*ABOUT THIS EXERCISE*:
The following data has a line with "二、同意由我会牵头,会同其他" and a line with "Kids Solid Color". Write out exactly those lines and all the lines between them.

*RECORDS FOR THIS EXERCISE*:

++++++++++

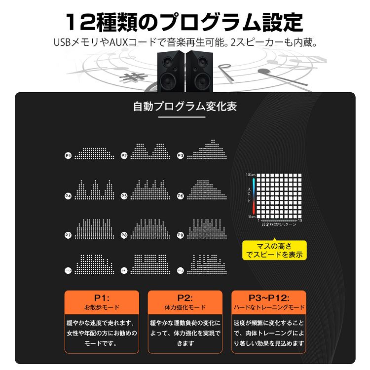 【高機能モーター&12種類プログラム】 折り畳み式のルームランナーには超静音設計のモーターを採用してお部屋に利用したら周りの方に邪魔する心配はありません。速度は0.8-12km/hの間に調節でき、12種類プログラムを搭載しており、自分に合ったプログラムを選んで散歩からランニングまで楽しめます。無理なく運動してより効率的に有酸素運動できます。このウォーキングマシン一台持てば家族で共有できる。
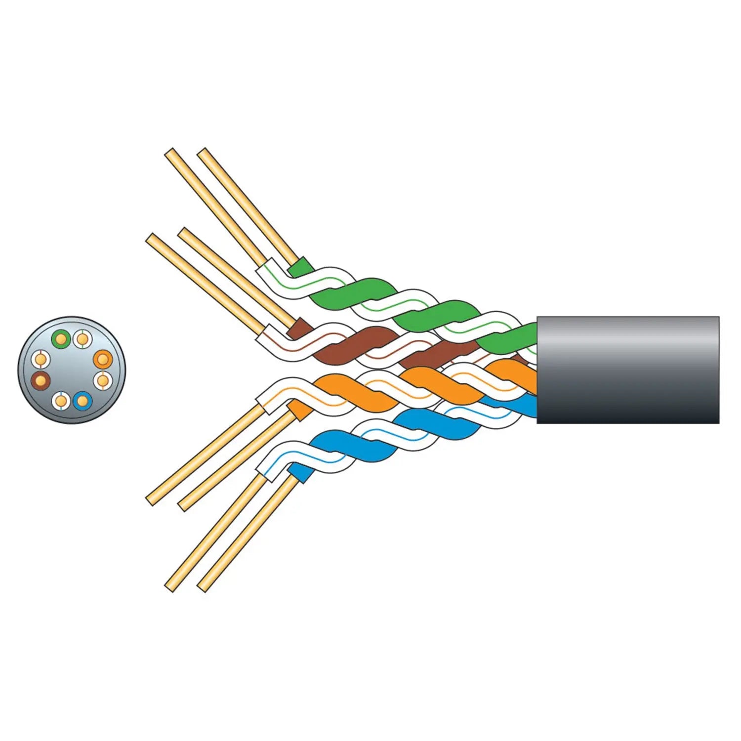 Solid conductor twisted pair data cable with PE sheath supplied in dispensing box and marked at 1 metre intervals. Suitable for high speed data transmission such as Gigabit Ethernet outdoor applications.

++++++++++

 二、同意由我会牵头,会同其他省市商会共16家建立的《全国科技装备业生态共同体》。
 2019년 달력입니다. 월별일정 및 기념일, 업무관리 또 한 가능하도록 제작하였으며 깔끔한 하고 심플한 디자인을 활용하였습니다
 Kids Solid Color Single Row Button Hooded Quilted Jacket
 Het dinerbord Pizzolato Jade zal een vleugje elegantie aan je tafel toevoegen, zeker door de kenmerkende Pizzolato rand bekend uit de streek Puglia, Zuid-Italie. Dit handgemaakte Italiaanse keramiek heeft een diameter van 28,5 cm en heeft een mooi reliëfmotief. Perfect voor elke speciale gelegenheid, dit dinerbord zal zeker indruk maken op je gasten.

++++++++++

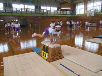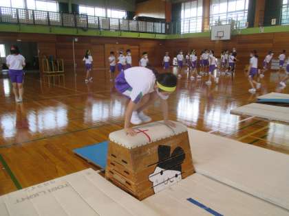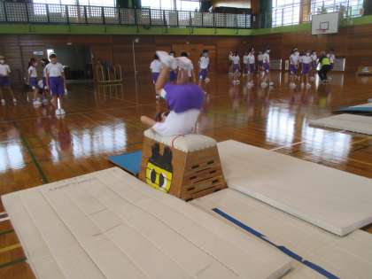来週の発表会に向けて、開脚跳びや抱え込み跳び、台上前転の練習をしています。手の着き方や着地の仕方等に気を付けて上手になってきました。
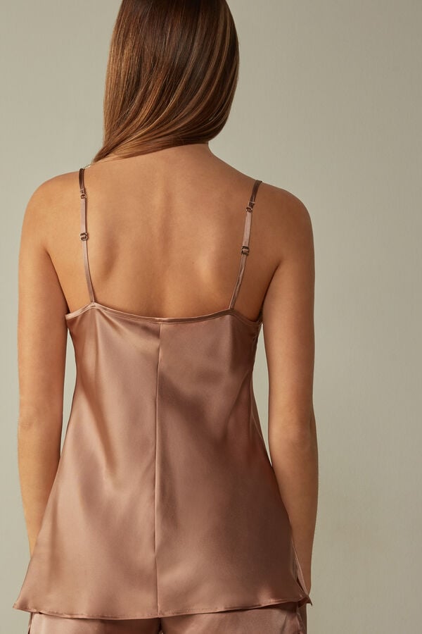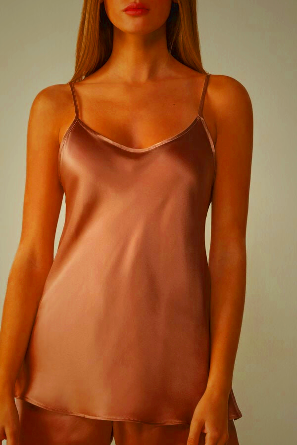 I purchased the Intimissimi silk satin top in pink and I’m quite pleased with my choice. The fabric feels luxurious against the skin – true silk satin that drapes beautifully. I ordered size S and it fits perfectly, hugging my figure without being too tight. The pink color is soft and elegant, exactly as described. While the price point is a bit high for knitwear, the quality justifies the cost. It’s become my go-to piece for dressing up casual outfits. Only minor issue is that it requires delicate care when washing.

++++++++++

*SOLVED PROBLEM*:
 二、同意由我会牵头,会同其他省市商会共16家建立的《全国科技装备业生态共同体》。
 2019년 달력입니다. 월별일정 및 기념일, 업무관리 또 한 가능하도록 제작하였으며 깔끔한 하고 심플한 디자인을 활용하였습니다
 Kids Solid Color Single Row Button Hooded Quilted Jacket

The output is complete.